Anna Matveeva – Vera Stenina’s Envy

new sale

Bulgarian language rights sold to Aviana

VERA STENINA’S ENVY by Ekaterinburg author Anna Matveeva is a novel about a relationship between two women who could not be more different: Julia, beautiful but somewhat ordinary, and Vera, who carries a unique talent inside of her but who is by no means attractive. It is Vera who secretly envies Julia, telling us about it with a fresh sense of self-irony and distance. Little does she know that her closest friend experiences the same pain, not having any particular gift to offer to the world. A gift, because Vera is able to feel a painting. The perfume of the hair of a woman depicted. The inner melody of a piece of art. If it is fake, there will be no sound. She will use this talent successfully in the art industry.
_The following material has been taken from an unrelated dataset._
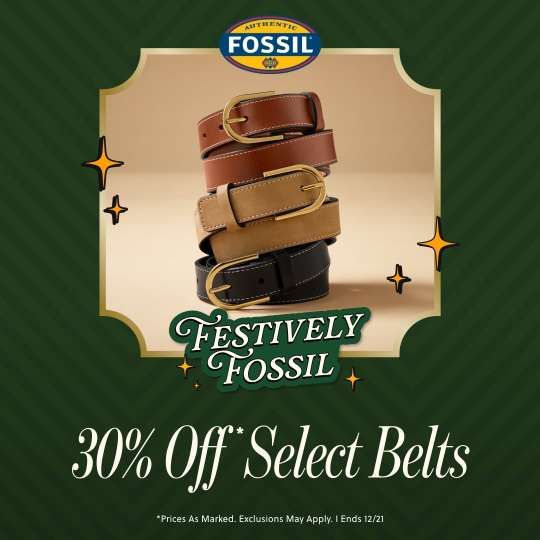 Mon, 15 Dec 2025 - Sun, 21 Dec 2025For a limited time enjoy 30% off well-crafted belts that tie every look together. Show now at Fossil. *Prices As Marked. Exclusions May Apply. I Ends 12/21

Grigori Kanovich – Devilspel

new sale

Bosnian translation rights sold to Buybook/ Sarajevo

The novel is set during the tragic few weeks in June-July 1941, when the German army in a sudden attack defeated the Red Army and within a few days occupied Lithuania. Grigori Kanovich’s writing is informed by his deep native knowledge of the Lithuanian countryside where he grew up in the 1930s, but he is no less intimately familiar with the Russian and Jewish cultures. Yet his real interest as a writer is in exploring the fundamental and universal ethical conflict between good and evil, which transcends the limits of concrete space and time.

«DEVILSPEL is a moving and elegant novel of fine character portraits, told in restrained but beautiful prose, set in a small town in Lithuania at a watershed moment of history, when ethnic cleansing and the Holocaust enter the lives of the local Jews and non-Jews alike, dividing neighbours and families into persecuted and persecutors.»